You are viewing a plain text version of this content. The canonical link for it is here.
Posted to issues@flink.apache.org by "Pauli Gandhi (Jira)" <ji...@apache.org> on 2022/06/13 22:33:00 UTC

[jira] [Created] (FLINK-28030) Checkpoint always hangs when running some jobs

Pauli Gandhi created FLINK-28030:
------------------------------------

             Summary: Checkpoint always hangs when running some jobs
                 Key: FLINK-28030
                 URL: https://issues.apache.org/jira/browse/FLINK-28030
             Project: Flink
          Issue Type: Bug
          Components: Runtime / Checkpointing
    Affects Versions: 1.14.3
            Reporter: Pauli Gandhi


We have noticed that Flink jobs hangs and eventually times out after 2 hours every time at the first checkpoint after it completes 15/23 acknowledgments (65%).  There is no cpu activity but yet there are number of tasks reporting 100% back pressure.  It is peculiar to this job and slight modifications to this job.  We have created many Flink jobs in the past and never encountered the issue.  

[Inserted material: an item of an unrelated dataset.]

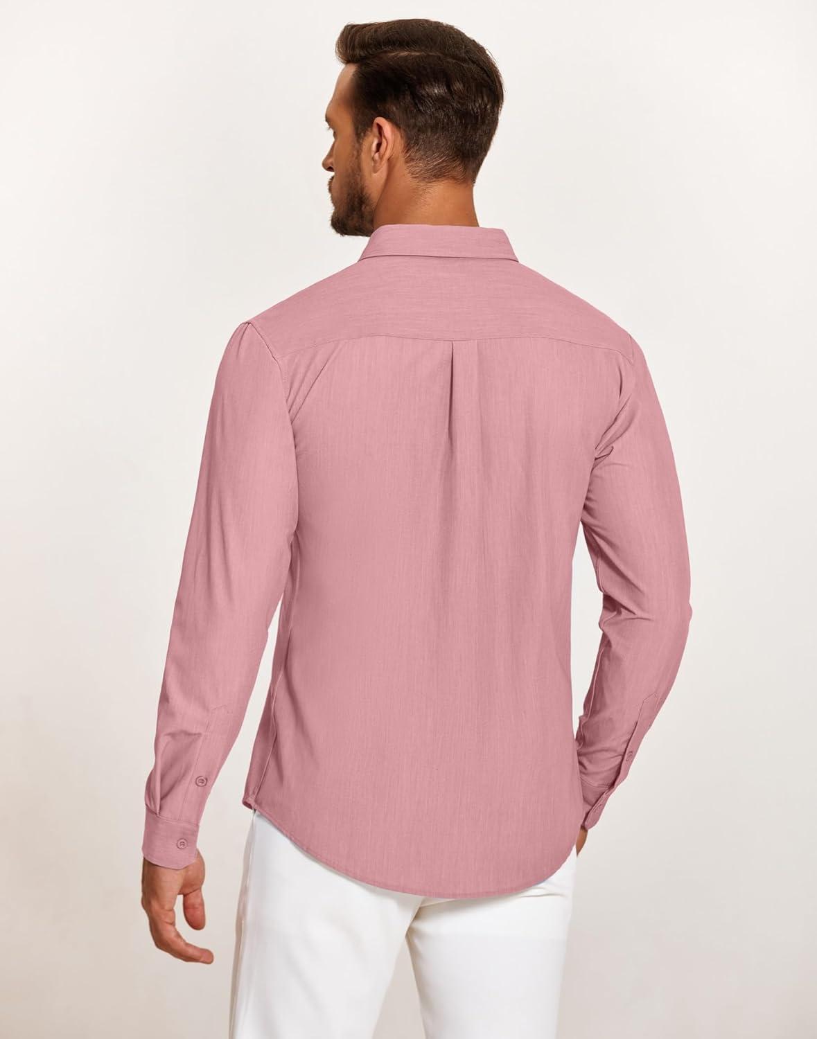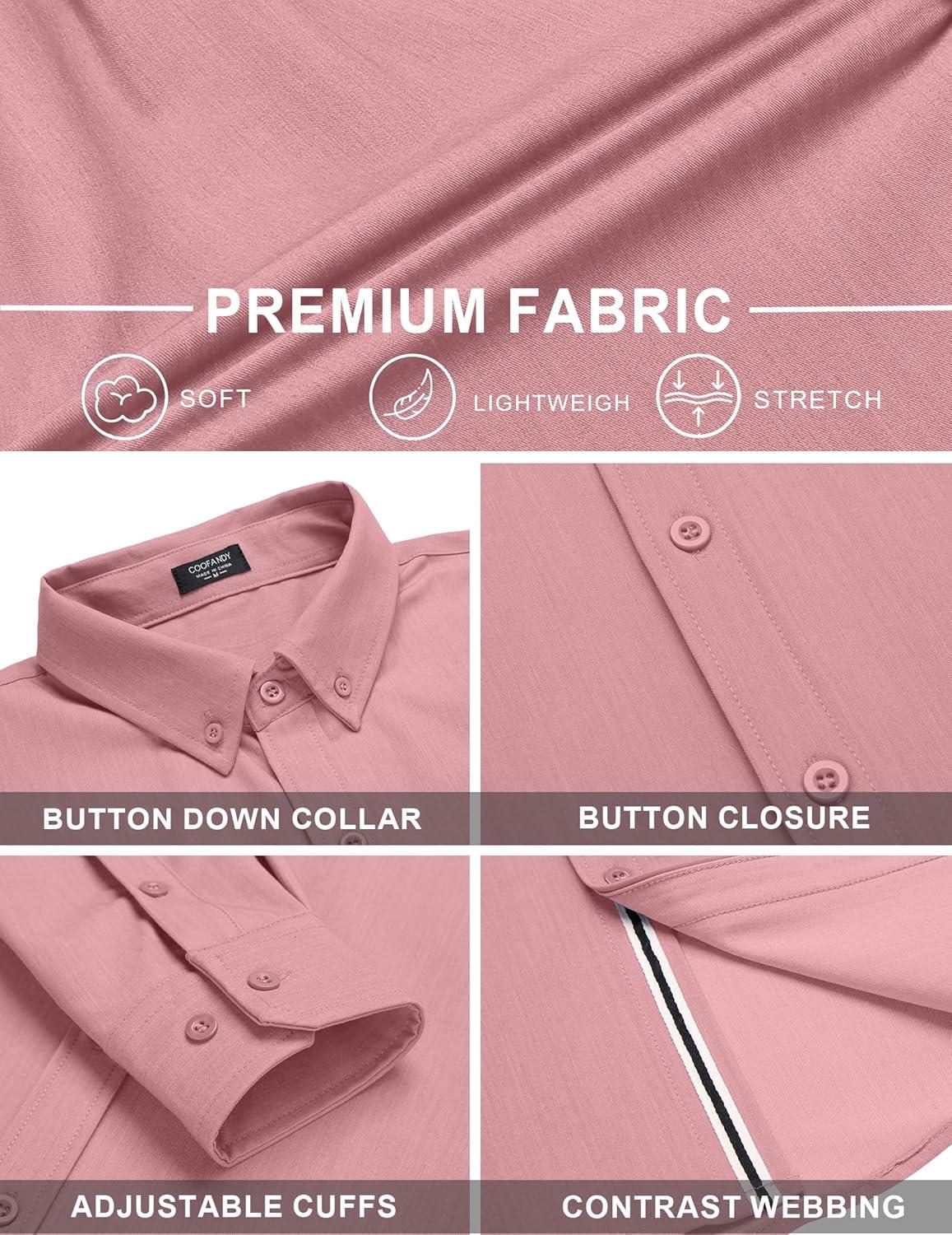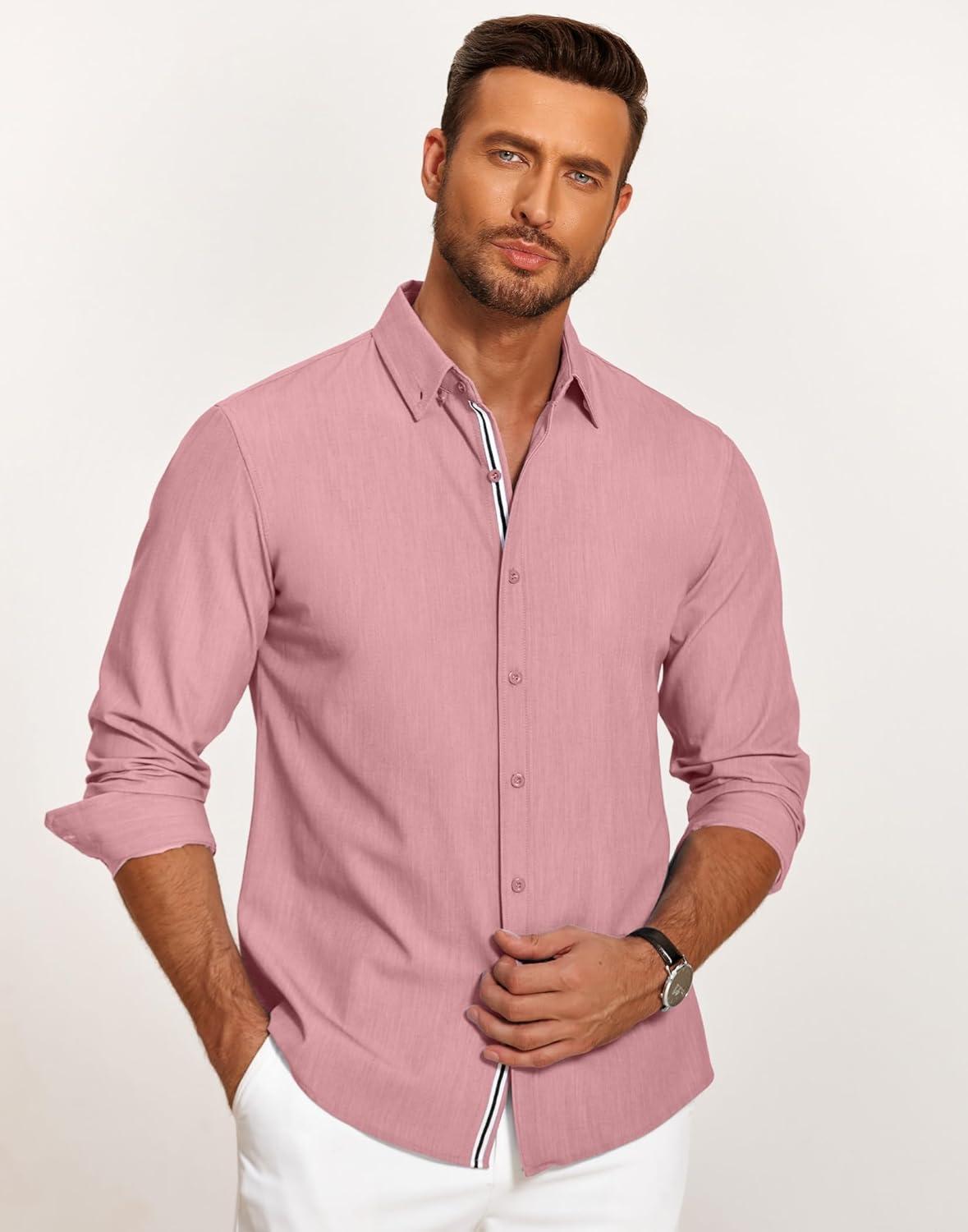 COOFANDY Mens Casual Button Down Shirt Untucked Long Sleeve Stretch Denim Dress Shirt(Pink)
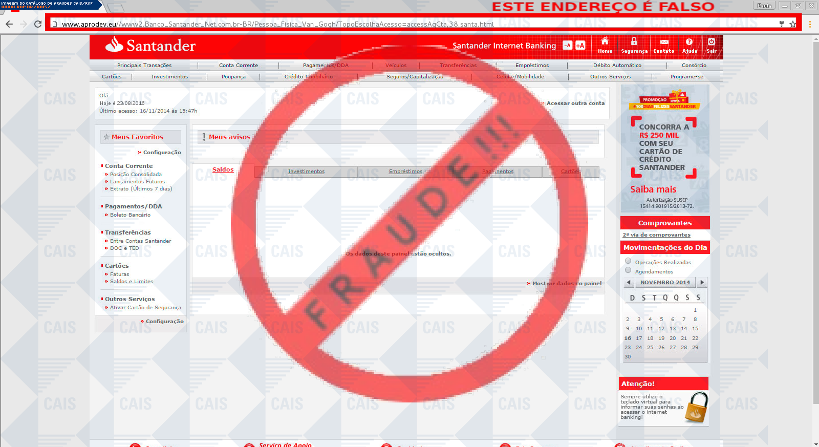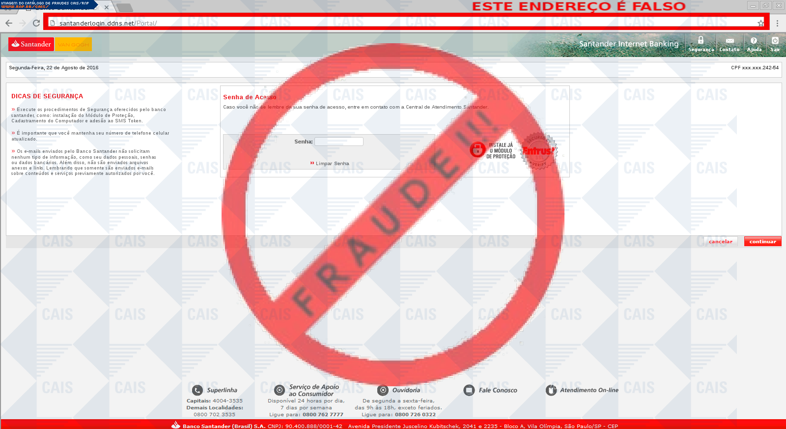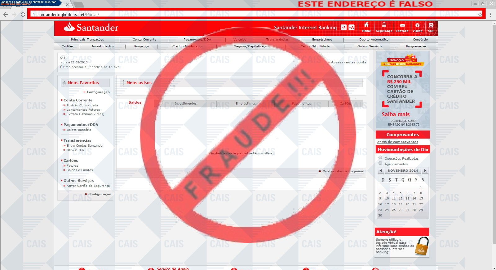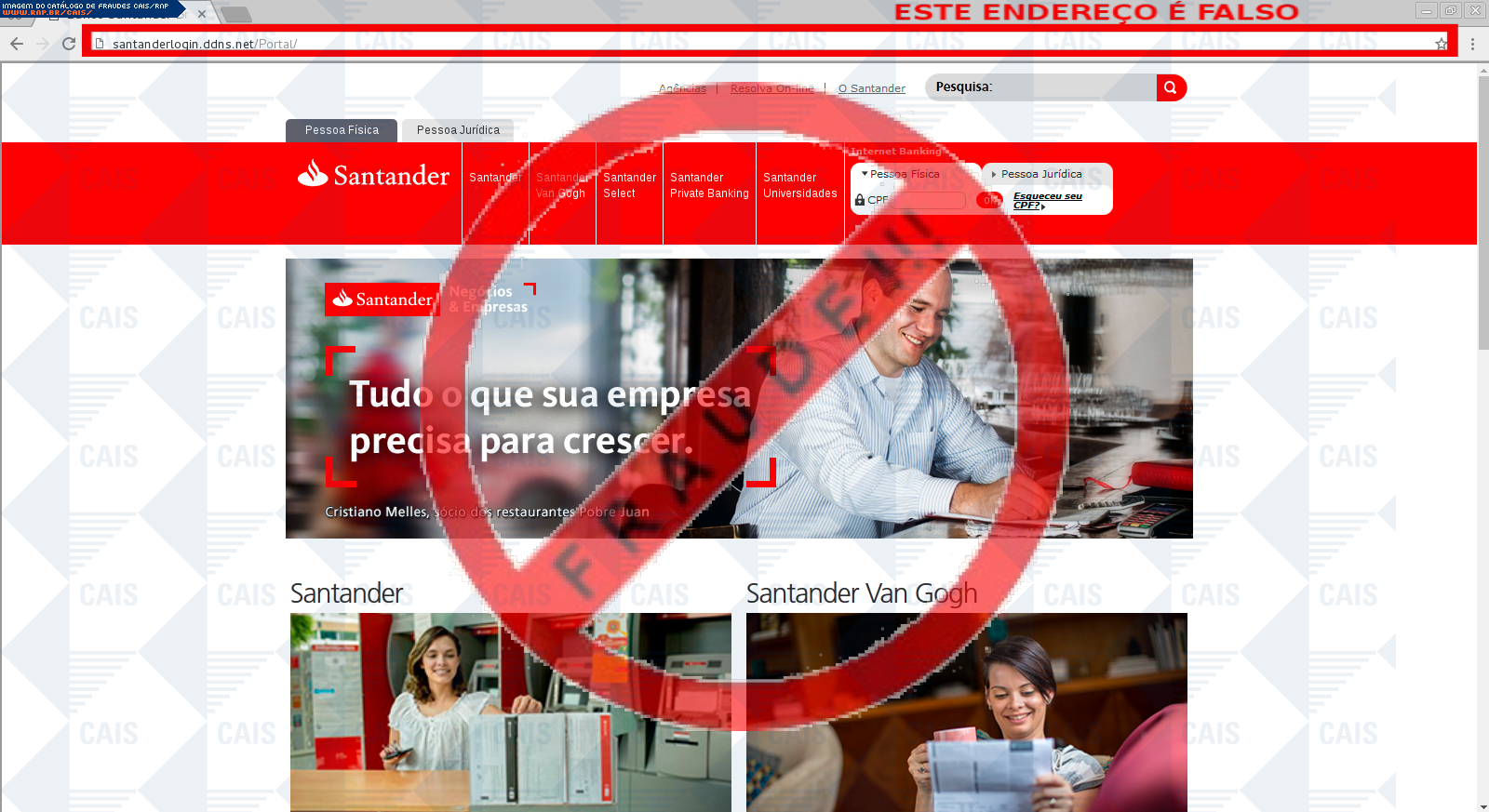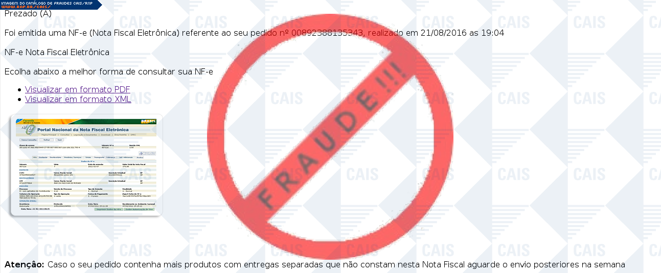 Esta página tem função informativa e educativa. Exibe uma coleção de imagens de phishing scam (fraudes eletrônicas) ou malware (código malicioso) veiculados por meio de spam (e-mail não-solicitado). Trata-se de conteúdo exemplificativo, não exaustivo, uma vez que não é possível contemplar todos os casos de fraudes existentes. Assim, caso você tenha conhecimento de um exemplar que não esteja aqui presente, isto não significa que não seja válido ou real. Inclusive incentivamos que você o envie para análise do CAIS para que, se for o caso, passe a integrar o nosso acervo.

Here are the things we tried to narrow down the problem
 * The job runs fine if checkpointing is disabled.
 * Increasing the number of task managers and parallelism to 2 seems to help the job complete.  However, it stalled again when we sent a larger data set.
 * Increased taskmanager memory from 4 GB to 16 GB and cpu from 1 to 4 but didn't help.
 * Sometimes restarting the job manager helps but at other times not.
 * Breaking up the job into smaller parts helps the job to finish.
 * Analyzed the the thread dump and it appears all threads are either in sleeping or wait state.

Here are the environment details
 * Flink version 1.14.3
 * Running Kubernetes
 * Using RocksDB state backend.
 * Checkpoint storage is S3 storage using the Presto library
 * Exactly Once Semantics with unaligned checkpoints enabled.
 * Checkpoint timeout 2 hours
 * Maximum concurrent checkpoints is 1
 * Taskmanager CPU: 4, Slots: 1, Process Size: 12 GB
 * Using Kafka for input and output

I have attached the task manager logs, thread dump, and screen shots of the job graph and stalled checkpoint.



--
This message was sent by Atlassian Jira
(v8.20.7#820007)